→ Instructions to follow: Below is a listing; retype exactly the lines between the one containing "活动的首站,师生们来到珠珊镇" and the one containing "从公路往山坡下步行,看到好几", inclusive, minus the pictures.

→ Given records:
* * *

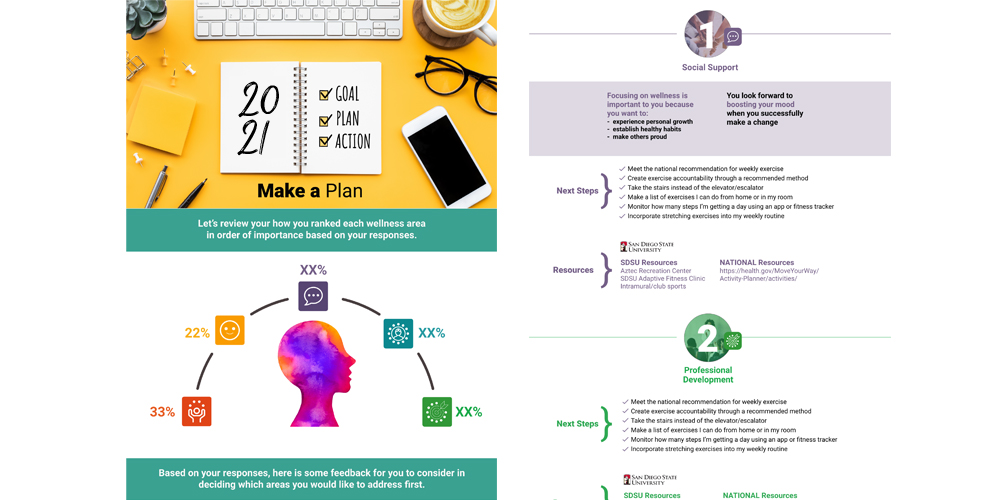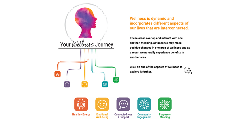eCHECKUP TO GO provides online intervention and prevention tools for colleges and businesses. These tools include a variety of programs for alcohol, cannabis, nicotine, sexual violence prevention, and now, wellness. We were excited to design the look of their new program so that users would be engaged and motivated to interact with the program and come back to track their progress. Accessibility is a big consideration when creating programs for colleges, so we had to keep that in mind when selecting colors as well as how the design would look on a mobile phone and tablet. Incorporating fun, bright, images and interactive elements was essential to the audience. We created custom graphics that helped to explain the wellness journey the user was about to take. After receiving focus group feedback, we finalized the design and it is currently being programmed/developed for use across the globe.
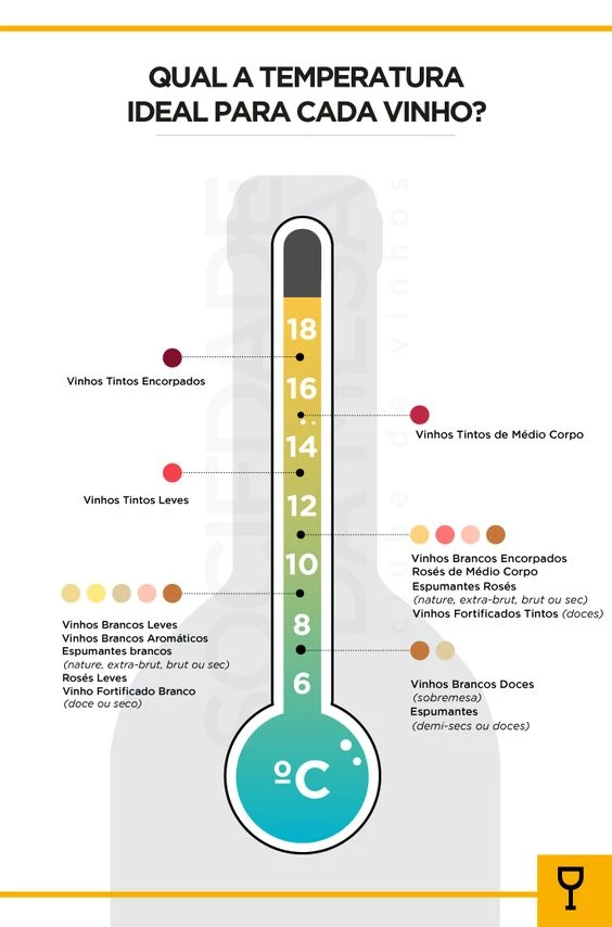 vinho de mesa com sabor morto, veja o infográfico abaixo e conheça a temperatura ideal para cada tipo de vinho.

* * *

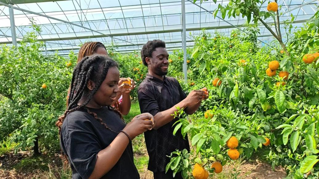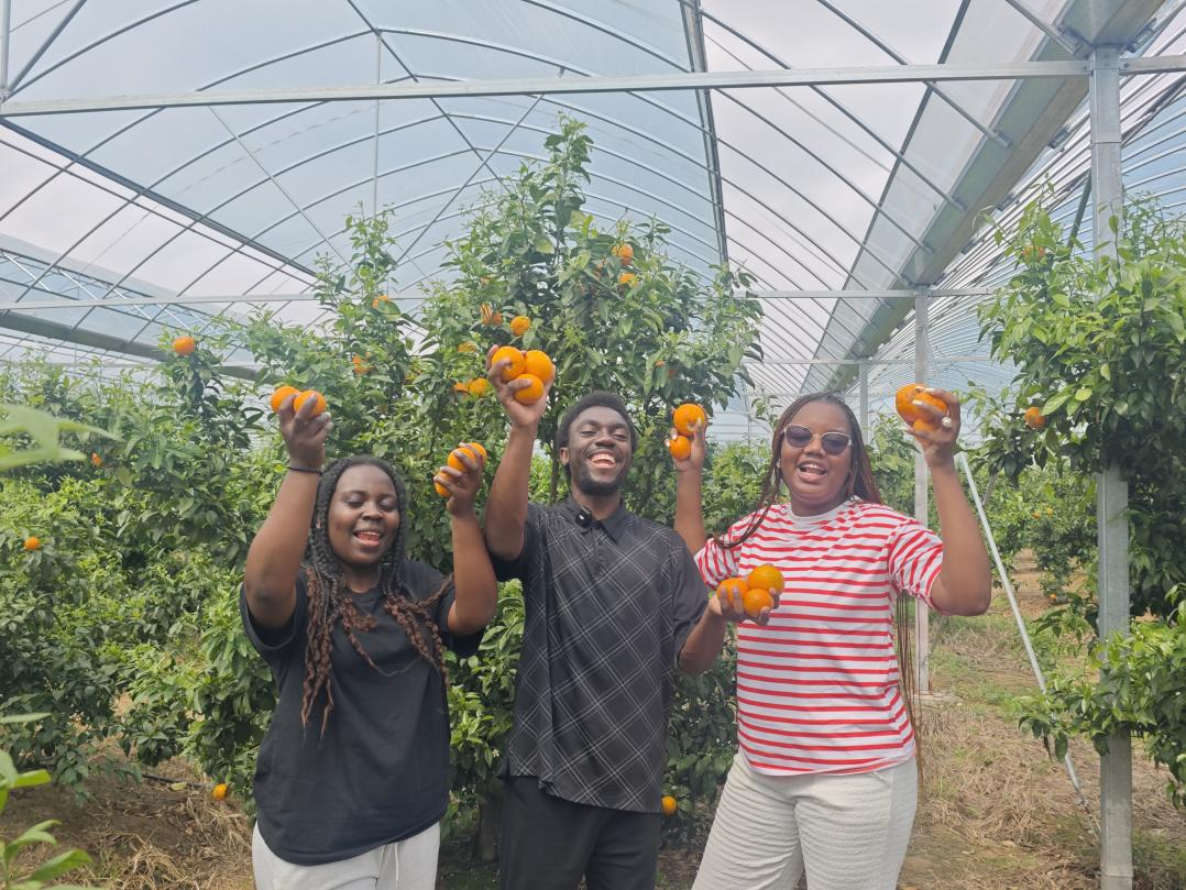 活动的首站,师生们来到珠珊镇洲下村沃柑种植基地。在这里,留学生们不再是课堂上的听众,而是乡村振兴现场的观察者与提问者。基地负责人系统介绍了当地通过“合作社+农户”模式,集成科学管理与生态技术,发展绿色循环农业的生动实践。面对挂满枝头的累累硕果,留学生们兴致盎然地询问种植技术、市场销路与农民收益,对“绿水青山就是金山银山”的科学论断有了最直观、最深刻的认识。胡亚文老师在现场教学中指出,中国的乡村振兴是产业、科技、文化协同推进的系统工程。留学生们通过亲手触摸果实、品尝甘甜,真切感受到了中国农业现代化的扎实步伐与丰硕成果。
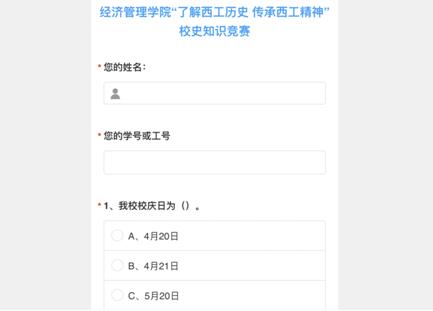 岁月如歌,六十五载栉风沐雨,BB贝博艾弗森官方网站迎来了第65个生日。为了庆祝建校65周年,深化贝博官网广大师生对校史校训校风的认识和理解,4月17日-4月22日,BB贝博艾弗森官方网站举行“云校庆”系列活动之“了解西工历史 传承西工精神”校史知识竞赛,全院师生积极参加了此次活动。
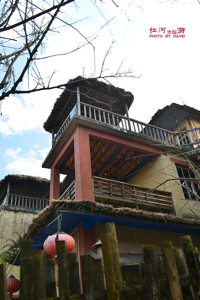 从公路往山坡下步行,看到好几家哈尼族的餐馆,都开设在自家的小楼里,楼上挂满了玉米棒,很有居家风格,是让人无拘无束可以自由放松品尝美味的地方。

* * *

→ Result of the task:
 活动的首站,师生们来到珠珊镇洲下村沃柑种植基地。在这里,留学生们不再是课堂上的听众,而是乡村振兴现场的观察者与提问者。基地负责人系统介绍了当地通过“合作社+农户”模式,集成科学管理与生态技术,发展绿色循环农业的生动实践。面对挂满枝头的累累硕果,留学生们兴致盎然地询问种植技术、市场销路与农民收益,对“绿水青山就是金山银山”的科学论断有了最直观、最深刻的认识。胡亚文老师在现场教学中指出,中国的乡村振兴是产业、科技、文化协同推进的系统工程。留学生们通过亲手触摸果实、品尝甘甜,真切感受到了中国农业现代化的扎实步伐与丰硕成果。
 岁月如歌,六十五载栉风沐雨,BB贝博艾弗森官方网站迎来了第65个生日。为了庆祝建校65周年,深化贝博官网广大师生对校史校训校风的认识和理解,4月17日-4月22日,BB贝博艾弗森官方网站举行“云校庆”系列活动之“了解西工历史 传承西工精神”校史知识竞赛,全院师生积极参加了此次活动。
 从公路往山坡下步行,看到好几家哈尼族的餐馆,都开设在自家的小楼里,楼上挂满了玉米棒,很有居家风格,是让人无拘无束可以自由放松品尝美味的地方。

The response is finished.